>>>>

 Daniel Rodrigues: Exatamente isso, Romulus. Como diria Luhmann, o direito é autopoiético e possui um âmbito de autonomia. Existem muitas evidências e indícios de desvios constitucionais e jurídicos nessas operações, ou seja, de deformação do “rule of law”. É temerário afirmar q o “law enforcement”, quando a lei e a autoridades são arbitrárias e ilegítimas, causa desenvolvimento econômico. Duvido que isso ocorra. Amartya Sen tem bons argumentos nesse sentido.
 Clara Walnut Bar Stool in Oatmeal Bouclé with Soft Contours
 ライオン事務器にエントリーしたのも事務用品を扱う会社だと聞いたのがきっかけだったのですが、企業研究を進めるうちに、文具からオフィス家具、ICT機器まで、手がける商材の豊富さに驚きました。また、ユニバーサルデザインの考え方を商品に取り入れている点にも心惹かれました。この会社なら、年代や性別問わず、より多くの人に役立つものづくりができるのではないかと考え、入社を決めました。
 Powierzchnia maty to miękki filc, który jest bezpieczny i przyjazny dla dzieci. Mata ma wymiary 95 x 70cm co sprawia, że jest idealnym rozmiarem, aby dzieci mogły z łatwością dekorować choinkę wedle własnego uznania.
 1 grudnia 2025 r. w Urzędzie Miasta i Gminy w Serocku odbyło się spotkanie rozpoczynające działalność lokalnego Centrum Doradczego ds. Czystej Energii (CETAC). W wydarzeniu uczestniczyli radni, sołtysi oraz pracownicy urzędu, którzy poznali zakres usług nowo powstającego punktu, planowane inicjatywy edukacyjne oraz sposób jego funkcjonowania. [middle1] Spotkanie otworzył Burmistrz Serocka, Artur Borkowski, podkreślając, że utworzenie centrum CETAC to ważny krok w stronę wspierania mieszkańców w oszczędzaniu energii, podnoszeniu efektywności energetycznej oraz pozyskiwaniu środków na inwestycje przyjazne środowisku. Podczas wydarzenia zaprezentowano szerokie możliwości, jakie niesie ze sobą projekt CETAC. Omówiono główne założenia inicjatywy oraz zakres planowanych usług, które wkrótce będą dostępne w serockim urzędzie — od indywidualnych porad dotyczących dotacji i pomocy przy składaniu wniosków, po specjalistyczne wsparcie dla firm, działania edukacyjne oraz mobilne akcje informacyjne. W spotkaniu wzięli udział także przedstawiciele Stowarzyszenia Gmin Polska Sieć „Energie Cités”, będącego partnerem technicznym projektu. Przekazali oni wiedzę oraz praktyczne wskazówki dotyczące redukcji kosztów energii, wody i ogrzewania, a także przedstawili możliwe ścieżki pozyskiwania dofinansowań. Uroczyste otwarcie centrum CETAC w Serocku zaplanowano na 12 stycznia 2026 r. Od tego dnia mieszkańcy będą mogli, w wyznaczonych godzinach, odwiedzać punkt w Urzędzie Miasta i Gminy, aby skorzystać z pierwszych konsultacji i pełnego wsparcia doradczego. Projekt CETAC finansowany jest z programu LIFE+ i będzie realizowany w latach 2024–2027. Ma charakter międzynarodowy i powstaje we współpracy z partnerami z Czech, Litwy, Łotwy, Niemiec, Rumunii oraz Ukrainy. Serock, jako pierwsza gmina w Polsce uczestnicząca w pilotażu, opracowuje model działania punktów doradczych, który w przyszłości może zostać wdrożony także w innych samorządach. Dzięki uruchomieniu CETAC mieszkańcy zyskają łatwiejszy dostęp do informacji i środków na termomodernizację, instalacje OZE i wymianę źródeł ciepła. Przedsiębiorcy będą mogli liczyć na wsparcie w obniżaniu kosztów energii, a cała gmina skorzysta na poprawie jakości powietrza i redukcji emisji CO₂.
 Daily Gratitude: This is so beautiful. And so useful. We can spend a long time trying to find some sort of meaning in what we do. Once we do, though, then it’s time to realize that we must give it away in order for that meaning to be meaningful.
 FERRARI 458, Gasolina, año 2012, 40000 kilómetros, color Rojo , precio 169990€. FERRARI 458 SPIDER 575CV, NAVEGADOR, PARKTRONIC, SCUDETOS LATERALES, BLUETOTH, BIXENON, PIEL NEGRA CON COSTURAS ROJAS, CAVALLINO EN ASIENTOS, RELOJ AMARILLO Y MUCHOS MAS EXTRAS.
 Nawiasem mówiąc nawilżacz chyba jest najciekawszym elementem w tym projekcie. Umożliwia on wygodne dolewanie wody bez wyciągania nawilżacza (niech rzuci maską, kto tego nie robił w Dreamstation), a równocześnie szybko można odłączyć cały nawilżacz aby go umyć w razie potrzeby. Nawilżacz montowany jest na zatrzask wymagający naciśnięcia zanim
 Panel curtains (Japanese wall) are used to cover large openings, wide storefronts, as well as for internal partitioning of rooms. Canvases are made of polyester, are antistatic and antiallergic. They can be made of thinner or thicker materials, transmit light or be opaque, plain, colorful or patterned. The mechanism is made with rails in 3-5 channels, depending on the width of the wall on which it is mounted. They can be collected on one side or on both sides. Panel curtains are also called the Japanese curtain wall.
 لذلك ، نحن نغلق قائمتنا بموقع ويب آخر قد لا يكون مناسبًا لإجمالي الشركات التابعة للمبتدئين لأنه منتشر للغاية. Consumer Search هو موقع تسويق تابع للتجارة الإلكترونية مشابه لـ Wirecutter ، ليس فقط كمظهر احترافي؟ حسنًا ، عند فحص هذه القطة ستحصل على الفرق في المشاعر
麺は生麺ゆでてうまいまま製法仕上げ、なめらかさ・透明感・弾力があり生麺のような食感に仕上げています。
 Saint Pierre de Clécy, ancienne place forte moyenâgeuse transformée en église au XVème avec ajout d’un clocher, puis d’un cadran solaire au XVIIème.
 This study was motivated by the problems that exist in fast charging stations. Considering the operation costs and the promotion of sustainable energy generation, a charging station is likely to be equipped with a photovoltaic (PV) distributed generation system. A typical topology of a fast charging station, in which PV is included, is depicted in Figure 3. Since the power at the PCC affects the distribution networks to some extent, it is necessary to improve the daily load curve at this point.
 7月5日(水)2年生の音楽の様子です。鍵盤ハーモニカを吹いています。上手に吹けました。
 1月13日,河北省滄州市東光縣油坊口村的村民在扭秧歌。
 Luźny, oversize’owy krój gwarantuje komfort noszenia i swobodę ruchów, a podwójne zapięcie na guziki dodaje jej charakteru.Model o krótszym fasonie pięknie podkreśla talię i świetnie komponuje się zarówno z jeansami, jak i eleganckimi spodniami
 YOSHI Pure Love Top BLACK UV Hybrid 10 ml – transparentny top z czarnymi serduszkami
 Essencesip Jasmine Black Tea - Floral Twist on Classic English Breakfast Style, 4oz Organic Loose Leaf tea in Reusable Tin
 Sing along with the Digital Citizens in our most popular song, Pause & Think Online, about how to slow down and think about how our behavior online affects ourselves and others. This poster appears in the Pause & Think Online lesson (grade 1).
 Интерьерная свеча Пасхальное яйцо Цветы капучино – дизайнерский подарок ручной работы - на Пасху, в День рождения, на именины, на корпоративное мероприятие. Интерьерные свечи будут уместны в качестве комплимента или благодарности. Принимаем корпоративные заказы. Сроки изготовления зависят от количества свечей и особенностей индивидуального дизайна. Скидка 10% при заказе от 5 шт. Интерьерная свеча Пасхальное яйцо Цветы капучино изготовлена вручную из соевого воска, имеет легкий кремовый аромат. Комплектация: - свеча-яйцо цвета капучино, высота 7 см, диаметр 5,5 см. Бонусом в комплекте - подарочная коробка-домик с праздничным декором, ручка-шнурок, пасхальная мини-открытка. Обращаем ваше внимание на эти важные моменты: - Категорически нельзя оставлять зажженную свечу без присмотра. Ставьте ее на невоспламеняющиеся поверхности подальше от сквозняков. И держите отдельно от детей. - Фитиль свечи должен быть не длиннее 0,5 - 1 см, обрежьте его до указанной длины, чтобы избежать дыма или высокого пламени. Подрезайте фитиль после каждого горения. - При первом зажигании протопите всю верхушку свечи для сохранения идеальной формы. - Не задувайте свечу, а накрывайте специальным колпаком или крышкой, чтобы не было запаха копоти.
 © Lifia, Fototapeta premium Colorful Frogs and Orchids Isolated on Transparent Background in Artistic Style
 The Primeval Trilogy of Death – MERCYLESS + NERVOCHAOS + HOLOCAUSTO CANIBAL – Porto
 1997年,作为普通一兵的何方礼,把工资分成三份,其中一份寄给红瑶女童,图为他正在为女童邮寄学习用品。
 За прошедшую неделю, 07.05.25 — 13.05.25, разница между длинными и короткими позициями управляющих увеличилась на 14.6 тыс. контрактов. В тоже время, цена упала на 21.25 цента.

<<<<

> [WORK REQUEST]:
Give back exactly the lines of the listing above, starting with its first line and ending with the line that holds "Powierzchnia maty to".

> [WORKED SOLUTION]:
 Daniel Rodrigues: Exatamente isso, Romulus. Como diria Luhmann, o direito é autopoiético e possui um âmbito de autonomia. Existem muitas evidências e indícios de desvios constitucionais e jurídicos nessas operações, ou seja, de deformação do “rule of law”. É temerário afirmar q o “law enforcement”, quando a lei e a autoridades são arbitrárias e ilegítimas, causa desenvolvimento econômico. Duvido que isso ocorra. Amartya Sen tem bons argumentos nesse sentido.
 Clara Walnut Bar Stool in Oatmeal Bouclé with Soft Contours
 ライオン事務器にエントリーしたのも事務用品を扱う会社だと聞いたのがきっかけだったのですが、企業研究を進めるうちに、文具からオフィス家具、ICT機器まで、手がける商材の豊富さに驚きました。また、ユニバーサルデザインの考え方を商品に取り入れている点にも心惹かれました。この会社なら、年代や性別問わず、より多くの人に役立つものづくりができるのではないかと考え、入社を決めました。
 Powierzchnia maty to miękki filc, który jest bezpieczny i przyjazny dla dzieci. Mata ma wymiary 95 x 70cm co sprawia, że jest idealnym rozmiarem, aby dzieci mogły z łatwością dekorować choinkę wedle własnego uznania.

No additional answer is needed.